Loan Parties, Lenders, Swingline Lender, LC Issuers, Co-Collateral Agents and Administrative Agent have entered into that certain Credit Agreement dated as of April 9, 2015 (as amended, restated, supplemented, or otherwise modified from time to time, the “Credit Agreement”).

Loan Parties, Lenders, Administrative Agent, and certain other parties have entered into that certain Amended and Restated Addendum to Credit Agreement dated as of January 27, 2017 (as amended, restated, supplemented, or otherwise modified from time to time, the “Addendum”).

Loan Parties and Administrative Agent have entered into that certain Security Agreement dated as of April 9, 2015 (as amended, restated, supplemented, or otherwise modified from time to time, the “Security Agreement”).

Loan Parties, Lenders, Co-Collateral Agents, Administrative Agent and certain other parties are parties to that certain Forbearance Agreement, Eighth Amendment to Credit Agreement and Fourth Amendment to Amended and Restated Addendum to Credit Agreement dated May 15, 2019 (as amended, restated, supplemented, or otherwise modified from time to time, the “Forbearance Agreement”).

Loan Parties have failed to receive (and deliver copies thereof to Administrative Agent) one or more signed, binding and bona fide commitment letters for a Refinancing Transaction (as such term is defined in the Forbearance Agreement) on or before June 21, 2019, and, as a result thereof, Loan Parties failed to satisfy the Forbearance Condition set forth in Section (4)(m)(iv) of the Forbearance Agreement (the “Forbearance Condition Breach”).

Notwithstanding the existence of the Forbearance Condition Breach, Loan Parties have requested that (a) Lenders make a Revolving Loan, as more fully set forth below, in an amount that exceeds the Borrowing Base on the date of funding in order to enable Loan Parties to pay certain trade payables incurred by Loan Parties in the Ordinary Course of Business, and (b) reduce the Aggregate Revolving Commitments to reflect the reduced Borrowing Base as a result of the Liquidation Transactions, and, in each case, Lenders are willing to do so on the terms and conditions set forth below.


Statement of Agreement:

NOW, THEREFORE, for and in consideration of the above premises and other good and valuable consideration, the receipt and sufficiency of which are hereby acknowledged by the parties hereto, Loan Parties, Administrative Agent, Co-Collateral Agents and Lenders hereby covenant and agree as follows:

SECTION 1.    Definitions; Rules of Construction. Unless otherwise specifically defined herein, each capitalized term used herein (and in the recitals above) that is defined in the Credit Agreement shall have the meaning assigned to such term in the Credit Agreement, including capitalized terms that pursuant to Section 1.3 of the Credit Agreement are defined by reference to their definitions in the UCC. Each reference to “hereof,” “hereunder,” “herein,” and “hereby” and each other similar reference and each reference to “this Agreement” and each other similar reference contained in the Forbearance Agreement, the Credit Agreement, the Addendum, and the Security Agreement shall from and after the date hereof refer to the Forbearance Agreement, the Credit Agreement, the Addendum, and the Security Agreement respectively, as amended hereby.

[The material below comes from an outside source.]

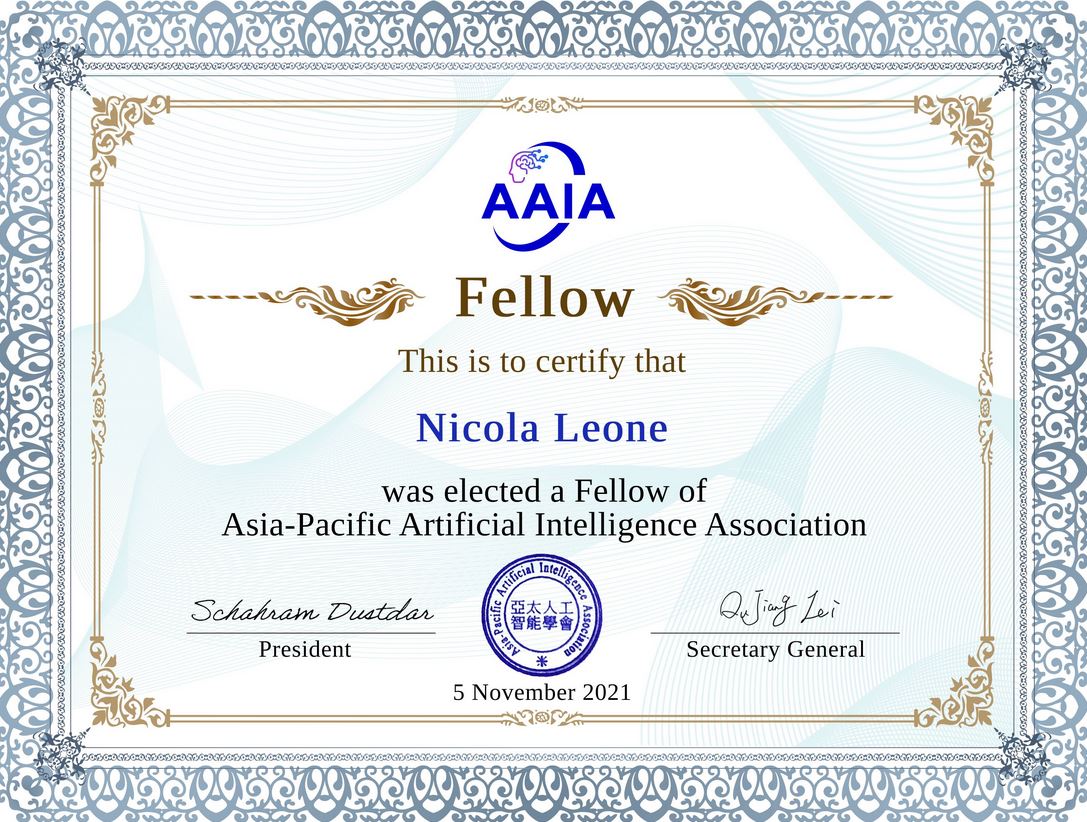 “L’Università della Calabria ottiene un nuovo riconoscimento scientifico che ne rafforza la leadership nel campo dell’Intelligenza Artificiale, confermata a livello internazionale oltre che nazionale. L’Asia-Pacific Artificial Intelligence Association (AAIA) ha conferito la fellowship al professor Nicola Leone, ordinario di Informatica, rettore dell’Unical e ricercatore apprezzato a livello internazionale per i suoi studi nell’ambito dell’Intelligenza Artificiale “deduttiva”, sulla logica per la rappresentazione della conoscenza e i sistemi di ragionamento automatico.

SECTION 2.    Amendments to Forbearance Agreement.

(a)    New Definitions. Section 1(a) of the Forbearance Agreement is hereby amended by adding the following new definitions of “Second Amendment” and “Second Amendment Date” in proper alphabetical order:

Second Amendment” shall mean that certain Second Amendment to Forbearance Agreement, Tenth Amendment to Credit Agreement, Fifth Amendment to Amended and Restated Addendum to Credit Agreement and Third Amendment to Security Agreement dated the Second Amendment Date by and among Loan Parties, Administrative Agent, Co-Collateral Agents and Lenders.

Second Amendment Date” shall mean July 1, 2019.

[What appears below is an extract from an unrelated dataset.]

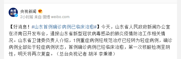 今天,山东省人民政府新闻办公室在济南召开发布会,通报山东省新型冠状病毒感染的肺炎疫情防治工作相关情况。山东省卫健委负责人介绍,1例重症病例经规范治疗已经转为轻症病例,确诊病例全部处于轻症病例状态,首例确诊病例已经临床治愈,第一次核酸检测呈阴性,明天将再次复查。(总台央视记者 胡洋 李秉禅)

(b)    Amendment to Section 7. Section 7(c) of the Forbearance Agreement is hereby amended by deleting such subsection and by substituting the following in lieu thereof:

(c)    Reduction of Aggregate Revolving Commitments. The Aggregate Revolving Commitments were reduced from $210,000,000 to $150,000,000 effective as of the Eighth Amendment Effective Date, further reduced from $150,000,000 to $125,000,000 effective as of June 15, 2019, and further reduced from $125,000,000 to $115,000,000 effective as of June 17, 2019, and shall be further reduced from $115,000,000 to $97,500,000 effective as of the Second Amendment Date, and further reduced from $97,500,000 to $91,000,000 effective as of July 13, 2019, with each Lender’s share of any such reduction effective after the Eighth Amendment Effective Date in an amount equal to such Lender’s Pro Rata Share of the Aggregate Revolving Commitments multiplied by the amount of such reduction. Borrowers agree to execute and deliver amended and restated Revolving Notes and Swingline Notes to evidence each such reduction, promptly upon request of Administrative Agent or the applicable Lender from time to time.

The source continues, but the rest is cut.